Nearly four years ago I decided to start collecting tweets to Donald Trump out of morbid curiosity. If I was a real archivist, I would have planned this out a little bit better, and started collecting on election night in 2016, or inaguration day 2017. I didn’t. Using twarc
, I started collecting with the Filter (Streaming) API on May 7, 2017. That process failed, and I pivoted to using the Search API. I dropped that process into a simple bash script, and pointed cron
at it to run every 5 days. Here’s what the bash script looked like:
#!/bin/bash
DATE=`date +"%Y_%m_%d"`
cd /mnt/vol1/data_sets/to_trump/raw
/usr/local/bin/twarc search 'to:realdonaldtrump' --log donald_search_$DATE.log > donald_search_$DATE.json
It’s not beautiful. It’s not perfect.
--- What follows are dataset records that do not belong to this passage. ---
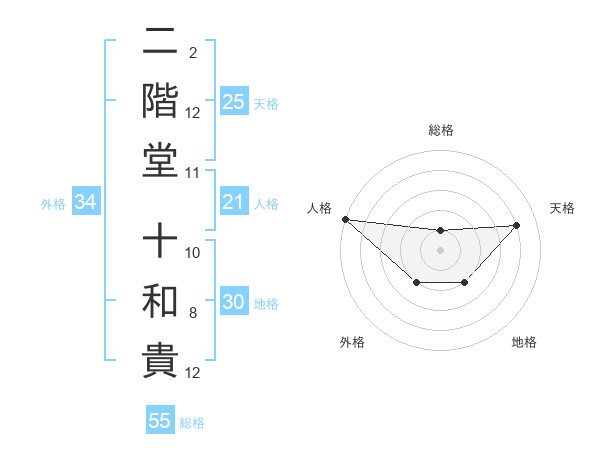 二階堂 十和貴さんの総格は55画の1点!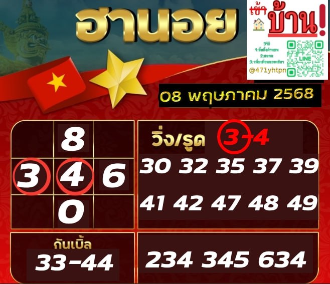 ชุดเลขเด็ดหวยฮานอย วันที่ 8/5/2568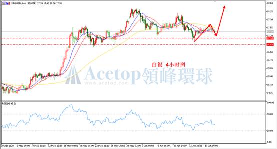 如上图所示,趋势上,当前重点关注16.83,若跌破16.83,后续白银将由多头转为空头,在当前未跌破之前,白银偏向震荡上涨。目前,在日线周期中存在底分型,若白银价格不跌破昨日低点16.94,将有机会走单边上涨。指标上,4小时周期MA13均线、MA21均线和MA72均线相互交织,建议投资者可关注RSI指标,等待RSI指标位于30附近再考虑多单。参考支撑17.23、17.00;参考阻力17.73、17.93。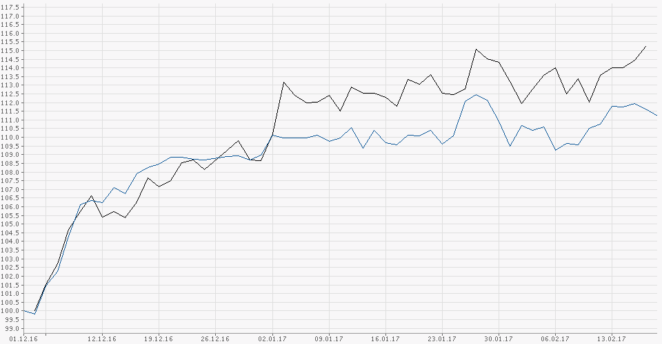 Anbei noch der Chartvergleich mein Wikifolio (seit Emission) vs. DAX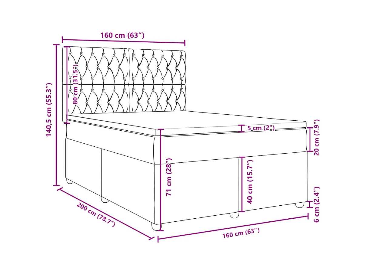 Boxspringbett mit Matratze Schwarz 160x200 cm Stoff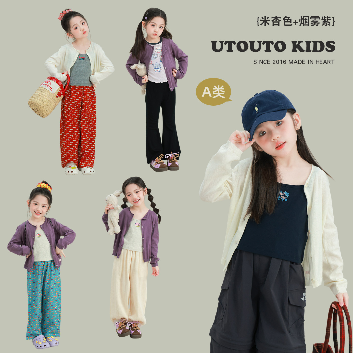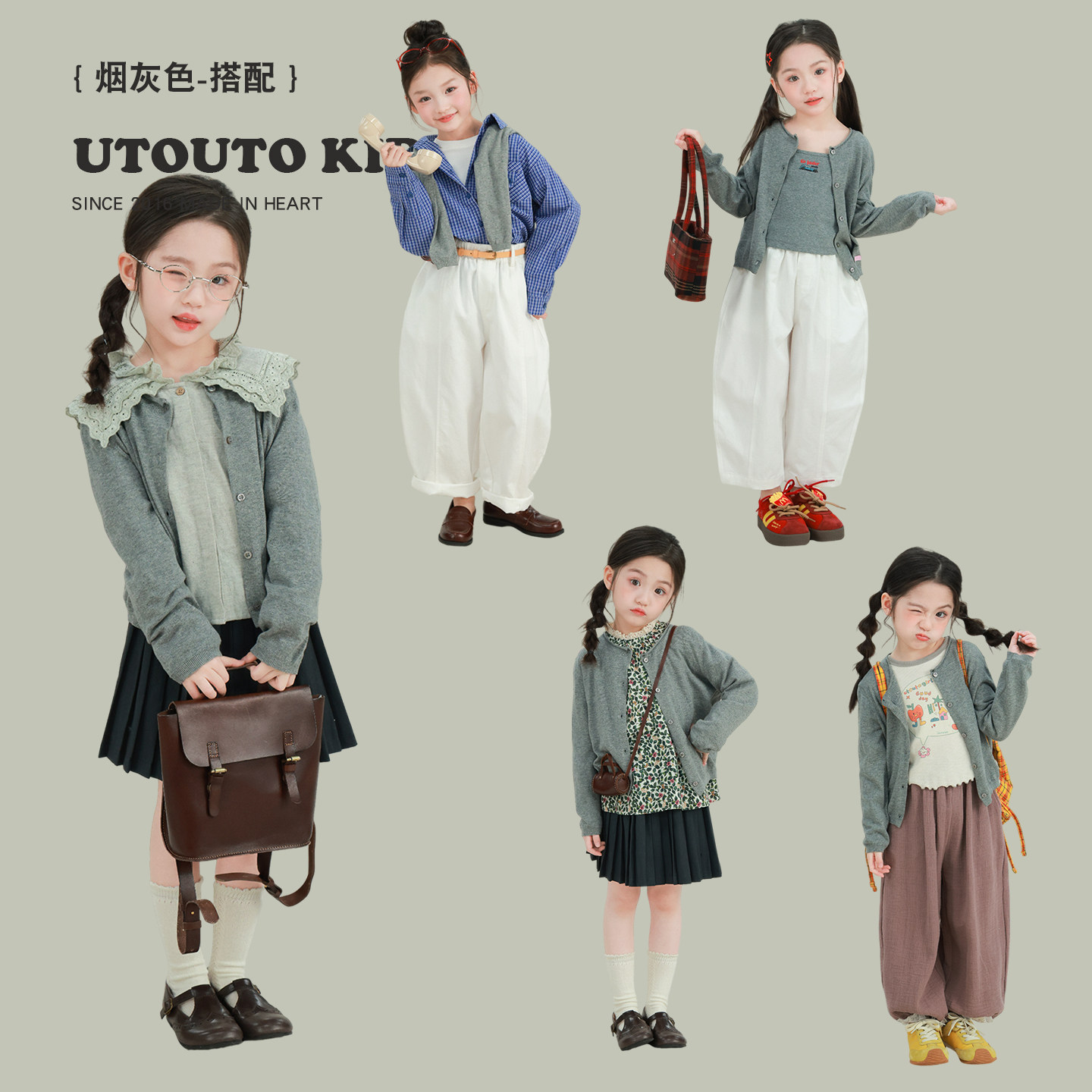 宝儿纯棉宽松圆领长袖 新款 外套 2026春季 大耳象女童小标毛衣开衫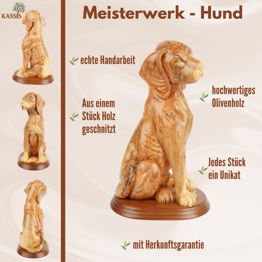 Der Hund – seit jeher ein Symbol für Treue, Schutz und Freundschaft – wird hier mit viel Gefühl und meisterlichem Können dargestellt. Die Figur ruht auf einem stabilen, dunkel gebeizten Sockel (nicht aus Olivenholz), der das Kunstwerk elegant abrundet.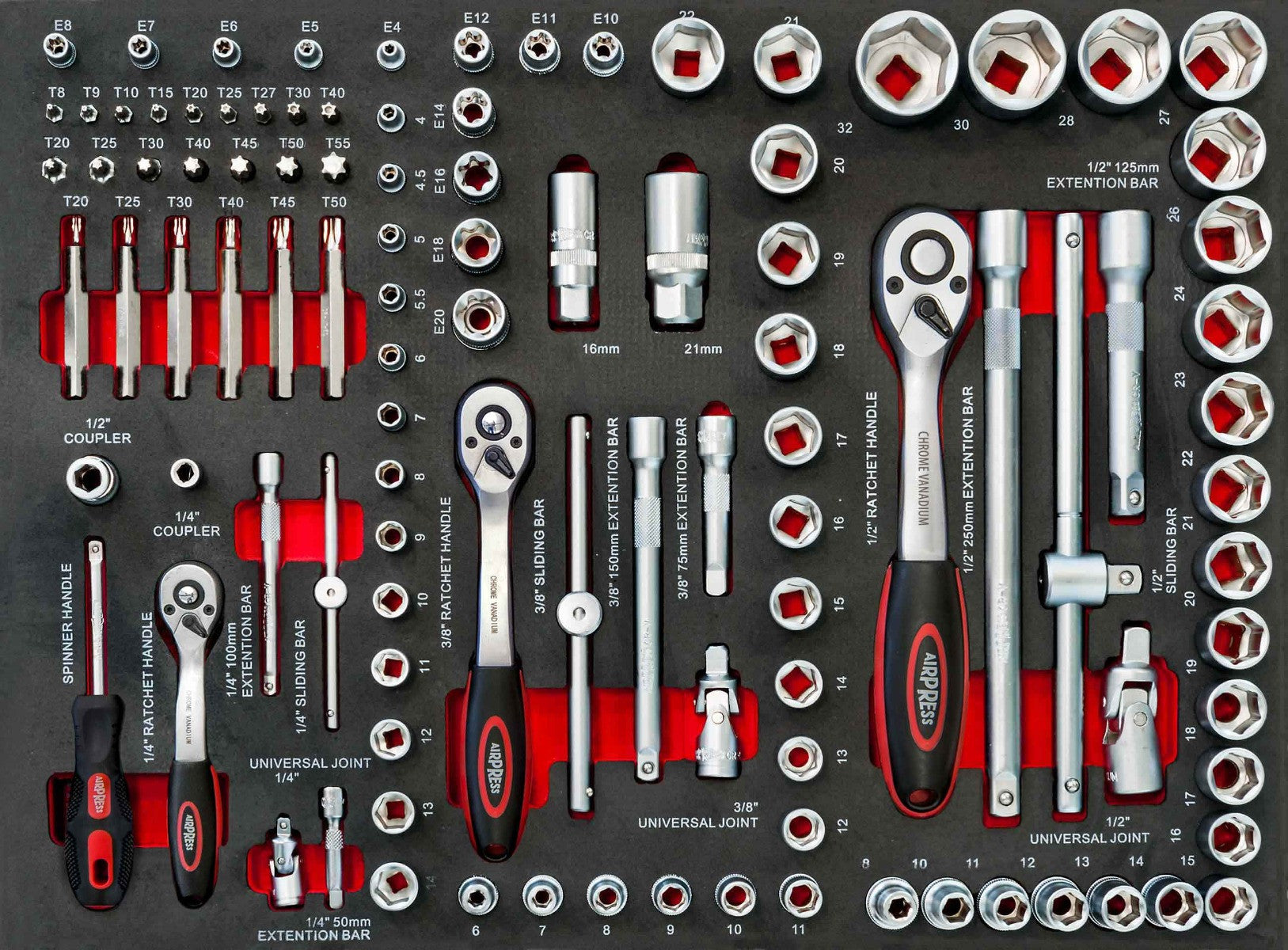 • 🛠️ Sélection Complète d'Outils : Une gamme diversifiée d'outils de haute qualité, organisés dans des inserts en mousse modulaires, idéale pour de nombreuses tâches de réparation et d'entretien.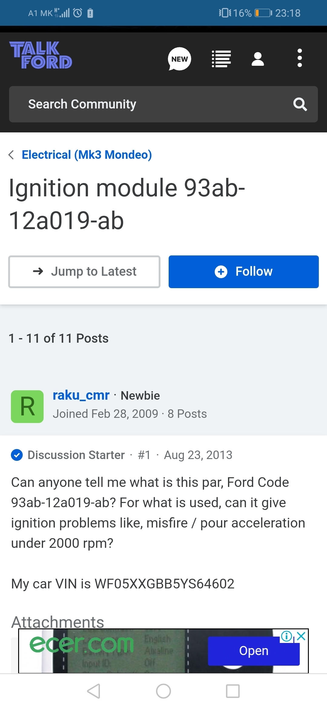 So now that I say this, how long did it take for the new coil to have a weak spark? I understood that it was immediate. Meaning you had weak spark, put the new coil on it and still had weak spark as soon as you started the engine.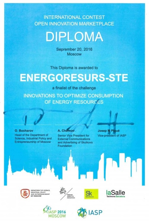19-22 сентября 2016 г. в г. Москва на 33-ей Всемирной конференции IASP (всемирная сеть научных парков и зон инновационного развития) проходил международный конкурс по отбору 50 лучших стартапов Open Innovation Marketplace (OIMP). ООО ЭНЕРГОРЕСУРС стал финалистом конкурса OIMP (направление: «ЭНЕРГЕТИКА») по теме: «Выравнивание суточной электрической нагрузки энергосистемы города». |

But, it did the job for the most part for almost four years save and except a couple Twitter suspensions on accounts that I used for collection, and an absolutely embarassing situtation where I forgot to setup cron correctly on a machine I moved the collecting to for a couple weeks while I was on family leave this past summer.
In the end, the collection ran from May 7, 2017 - January 20, 2021, and collected 362,464,578 unique tweets; 1.5T of line-delminted json! The final created_at
timestamp was Wed Jan 20 16:49:03 +0000 2021
, and the text of that tweet very fittingly reads, “@realDonaldTrump YOU’RE FIRED!“
The “dehydrated” tweets can be found here. In that dataset I decided to include in a number of derivatives created with twut which, I hope rounds out the dataset. This update is the final update on the dataset.
I also started working on some notebooks here where I’ve been trying to explore the dataset a bit more in my limited spare time. I’m hoping to have the time and energy to really dig into this dataset sometime in the future. I’m especially curious at what the leadup to the 2021 storming of the United States Capitol looks like in the dataset, as well as the sockpuppet frequency. I’m also hopeful that others will explore the dataset and that it’ll be useful in their research. I have a suspicion folks can do a lot smarter, innovative, and creative things with the dataset than I did here, here, here, here, or here.
For those who are curious what the tweet volume for the last few months looked like (please note that the dates are UTC), check out these bar charts. January 2021 is especially fun.
-30-